En vérité, le régime Antonescu, que
ce procès mettait sur la sellette, se rendait coupable de la déportation en
Transnistrie et de la mort de près de 280.000 Juifs et de près de 25.000 Roms. Le
tribunal populaire de Cluj avait quant à lui condamné 370 personnes d’origine hongroise,
83 d’origine allemande, 26 d’origine roumaine et 2 d’origine juive, ayant prononcé
100 condamnations à la peine capitale et 163 condamnations à la réclusion
criminelle à perpétuité.

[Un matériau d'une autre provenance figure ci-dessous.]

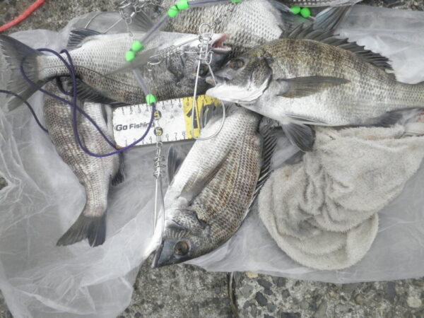 釣り人が多いので ワカシが大漁、久し振りに尺アジが釣れて、クロダイ、メジナ
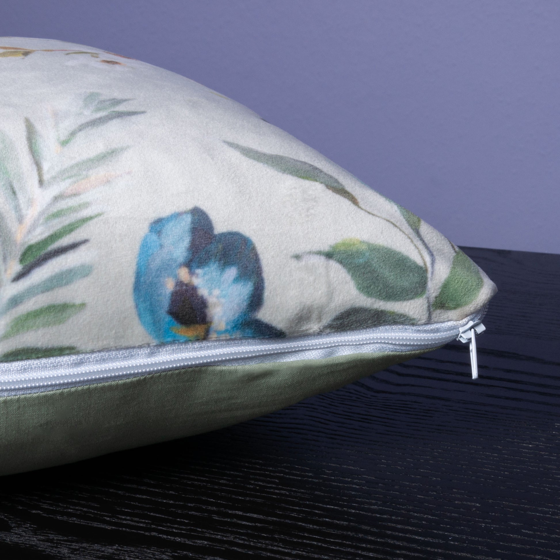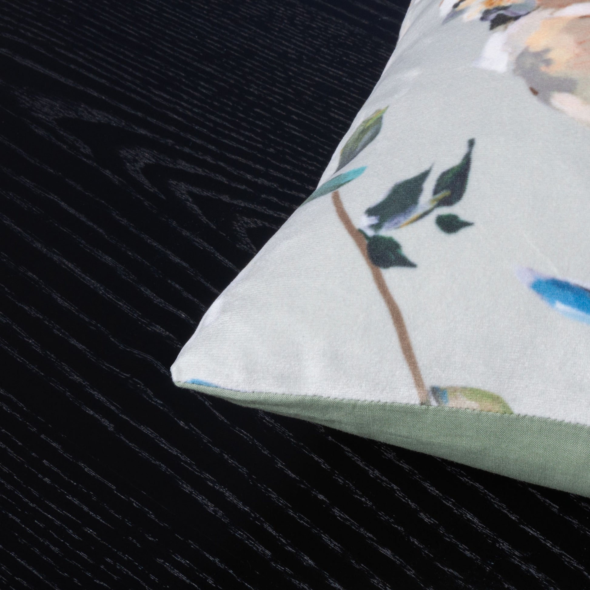 Dekokissen 40 x 40 cm Stoff Samt Blaumeisen Blumen Rückseite Baumwollstoff Mint Grün

Cependant, l’amnistie générale décrétée par le régime
communiste en 1964 bénéficiera également aux criminels de guerre, du moins à
ceux qui avaient survécu jusqu’alors.








Cependant, et en dépit des bonnes
intentions clamées par les tribunaux populaires, force est de constater que ces
instances n’ont pu se départir des pratiques d’une justice expéditive et
souvent contaminée des visées idéologiques, une justice qui utilisait les mises
en examen pour crimes de guerre comme arme politique, contre les adversaires
politiques des communistes. C’est ce que racontait en 1999 le prêtre Constantin Hodoraga, dans un enregistrement conservé
par le Centre d’histoire orale de la Radiodiffusion roumaine, lorsqu’il parlait
de la manière dont il avait appuyé la rébellion anticommuniste de la région
d’Argeş, et de l’utilisation de la justice de classe par le régime communiste qui
entendait liquider ainsi l’opposition.






Constantin Hodoroagă : « Dans
toute la région de la vallée du Topolog, les communistes avaient employé cette
méthode pour se débarrasser des propriétaires terriens, des élites et même des
simples gens. Il y avait là, dans cette région, un avocat communiste, un
certain Petrescu, qui avait fondé une sorte de tribunal populaire. Il
embarquait les adversaires politiques des communistes et les amenaient à Suici,
où il avait créé ce tribunal ad hoc pour les traduire en justice. Devant cette
soi-disant justice sont passés le colonel Canarie, le professeur Minculescu, appartenant
à une famille de propriétaires bien connue dans la région, et beaucoup d’autres.
C’était du n’importe quoi. »








Le
monde de la culture n’a pas non plus été épargné par le phénomène, certains
n’hésitant pas à employer ce genre de méthodes pour régler leurs comptes. Dans
une interview de 1997, l’écrivain Pan Vizirescu remémorait le subterfuge qu’il
avait employé pour échapper au risque de passer devant ce genre de tribunal
populaire factice.






Pan Vizirescu : « On voyait la manière
dont les choses évoluaient. Victor Eftimiu avait fait main basse sur la Société
des gens de lettres. Il n’arrêtait pas d’éloges à l’égard de certains officiers
soviétiques, avec lesquels il avait dîné et qu’il trouvait charmants. Et un
beau jour, ce mec invite les écrivains à une réunion, pour qu’ils s’expliquent
sur leur attitude pendant la guerre. Je n’y suis pas allé, j’avais flairé le
guet-apens. Et j’ai eu raison. Ceux qui s’y étaient rendus ont été amenés
devant le tribunal populaire. »









Malgré tout et en dépit du
détournement de leur mission, les tribunaux populaires ont jugé les pires
criminels de guerre, ceux coupables des pires atrocités, des crimes en masse contre
la population civile ou contre des groupes ethniques, des crimes de génocide.